As a user, when I go from portal to portal to portal, it's likely they will have relationships with different identity providers.  Should my experience therefore be totally discontinuous as I move from one portal to another, being organized by the portal rather than by my own system?

In Cardspace (and with Information Cards running on other devices and platforms) we postulate that the user can benefit from computerization of his or her own identity experience – just as enterprises benefit from computerization of theirs.

Through Information Cards users can benefit, to the extent the technology is adopted, from the same well-understood experience as they move between unrelated portals which do not share identity relationships.   

I see Cardspace as providing a palette of identity relationships (Information Cards) that work for me as a user and make sense from my point of view as an individual with a complicated life. 

I think Dick Hardt, and others like Paul Trevithick at Higgins, share a number of the same notions as I do, though each of us is concentrating on different aspects of the problem.

So that's why I'm saying that there are two legitimate technology areas, orthogonal in the sense that you can have either one without the other, but synergistic in that together you get a number of critical new scenarios.

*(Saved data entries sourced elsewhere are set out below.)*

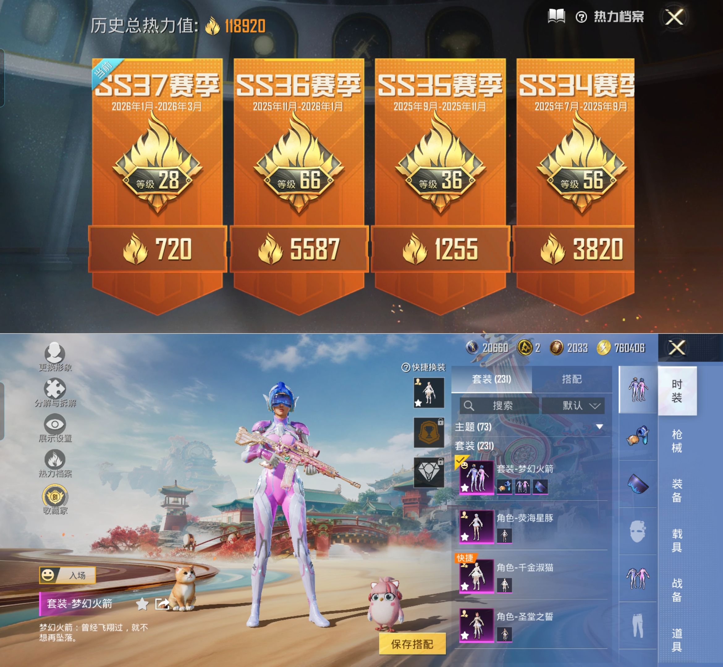 17粉装-10特效枪-232套装-349枪皮-21王牌印记-不朽星钻Ⅲ-118920热力值
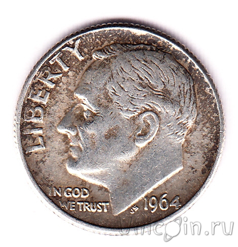 США 10 центов 1964 г. Без отметки монетного двора = Филадельфия
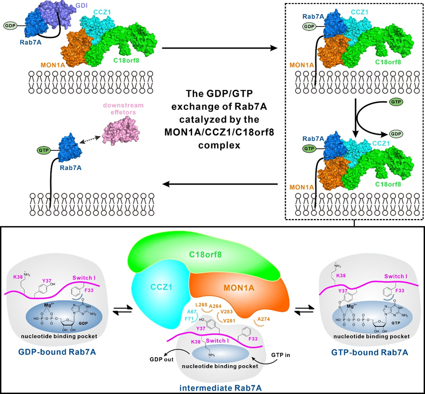 潘李锋、张一小课题组合作在人源MON1A/CCZ1/C18orf8复合物识别和激活Rab7A的分子机制方面取得新进展

To make this more concrete, my next post will be  a demo of Andre Durand and Ashish Jain's work in showing how this can look in practice.

Norlin's Maxim

I'm a big fan of Eric Norlin – it was one of his posts that got me started on the Laws of Identity.  But I think this ZDNet piece is especially good – and love Norlin's Maxim:

In the very near wake of a foiled terrorist plot, I find myself waking up, planning to write about the topic of anonymity and identity. The original impetus for my post is a recent article by David Weinberger. In that article, David argues for anonymity as a “default” in the online world by saying: “personal anonymity is the default in the real world — if you live in a large town, not only don't you know everyone you see, but you're not allowed randomly to demand ID from them — and it ought to be the default on line.”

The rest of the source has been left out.